This is one of the dumbest takes I hear from you idiots. Think about it. If I have to shoot someone and they survive, was my self defense a failure? If I draw a handgun and it deters someone from attacking me, and I don't shoot them, according to your logic, I'm using the gun wrong. It's retarded.


----------



## Make Anime Illegal (May 25, 2022)

> It simply includes them. They do not exhaust the list nor do they remove the fact that youths with firearms have gone to school and shot at their peers all throughout America's history.


The point is, these incidents were so rare as to be unheard of back when gun laws were significantly more lax. You are deliberately misrepresenting history by providing a list that is 90+% not examples of what we're talking about.


Sausaged said:


> Not sure if drunk or mental gymnastics.


You're just retarded. Firearms are designed to be used in self defense. If you shoot someone attacking you, and it stops them, but they don't die, you've defended yourself. If you shoot someone attacking you, but it doesn't stop them in time, but they die of blood loss a minute after they kill you, your self defense was a failure. Whether someone dies or not is irrelevant to the design if the firearm.


----------



## Dialtone (May 25, 2022)

*BECAUSE KEVIN ROBINSON FROM SCHOOL, FUCK YOU KEVIN STOP SHOWIN EVRYONE MY DEVIANTART YOU PEACE OF SHIT.*


----------



## Make Anime Illegal (May 25, 2022)

Sausaged said:


> Not sure if drunk or mental gymnastics.
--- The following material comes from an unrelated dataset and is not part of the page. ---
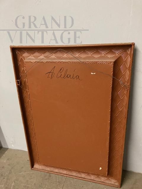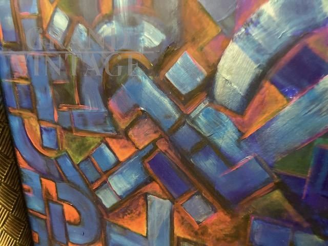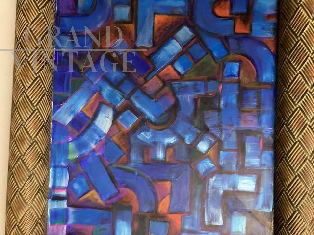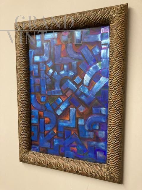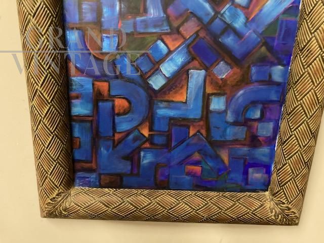 Dipinto di arte contemporanea con geometrie realizzato a smalti policromi su metallo, con fondo nelle tonalità del rosso e del viola e poi in scale di blu. Cornice bellissima intagliata in metallo. Artista del XXI secolo, opera firmata sul retro.

Your stupid logic was actually used by Arthur Kellerman in one of his bullshit "studies." What he did was, compare the probability of a home invader being killed by gunshot, with the probability of a homeowner being killed by a gunshot, in home invasion incidents. Then he concluded that owning a firearm increases your chances of being killed in a home invasion. That logic is fucking stupid, because the point is not to kill the home invader, it is to prevent you or your loved ones from being killed.


----------



## Mayhem (May 25, 2022)

Unfortunately, I’ve learned that certain parts of the farms are not the place to have nuanced conversations about this. But what I will say is that, if you want to know what can be done, take a look at the thread in A&H about the Buffalo supermarket shooting. (It’s easy to find, as it happened just last week.)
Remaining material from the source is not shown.